Some “Sharper Edge” type techie folks went to the same third world folks who are using micro-economics and a host of other small survival strategies. Like “telephone ladies” who walk around their village with a cell phone in their apron pocket so that places with no copper-wire phone ever can now make cheap calls by stopping her and giving her some coins. No slots -- no remote operator. And there are NO pay phones here anymore, because everyone has a cell phone. “What do you really need?” the techies asked villagers. Flashlights. So the kids could get to school before it is light, since they have to walk a long way and there are tigers along the path. But they can’t afford batteries. So the techies invented an LED flashlight, extra-bright, solar-powered. You leave it on the windowsill all day and then you can walk home safely.

Have you heard about “blue ear pig virus” yet? Worse than bird flu, killing pigs in huge amounts in China, no vaccine for it, farmers selling their pigs quickly before more people find out about it so the pigs are traveling all over. So far no jump to humans, but it’s easier to catch stuff from pigs than chickens. What about the bees? We still haven’t solved the bee dilemma. My premise is that while we’re watching the big picture, Armageddon is in the foodnotes. That’s a typo -- I meant “footnotes” but maybe my fingers know something.

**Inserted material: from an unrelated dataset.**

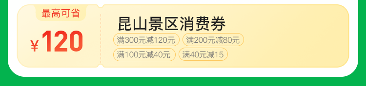景区券:满300元减120元、满200元减80元、满100元减40元、满40元减15元。

But I still hang on to my notion of continuous apocalypse -- a little of the status quo always going under the wheel even as the new comes up on the other side. We cannot continue on the same path anyway. But apocalypse is based on the idea of the one and the best, the “me” and the “we.” If the me is just one point of consciousness in the cosmic we, then destruction is only transformation. We should go forward in the Buddhist manner. Or as Margaret Fuller, Transcendentalist, once said grandly, “I accept the Universe!” And Carlyle, being told this, remarked, “By God, she’d better!”

I wonder whether the Valier library has a copy of “Neuromancer.” They’re not big on sci-fi, but who knows? Better check for “The Sheep Look Up” while I’m at it. Might be able to borrow it through the reservation library -- Blackfeet love sci-fi. It’s been that kind of world to them for the last two hundred years or so.

You know, in the past the planet has swapped magnetic ends a few times: the South Pole changing to the North Pole's "polarity." No one knows what that would mean to creatures on the planet. Maybe it's already happening.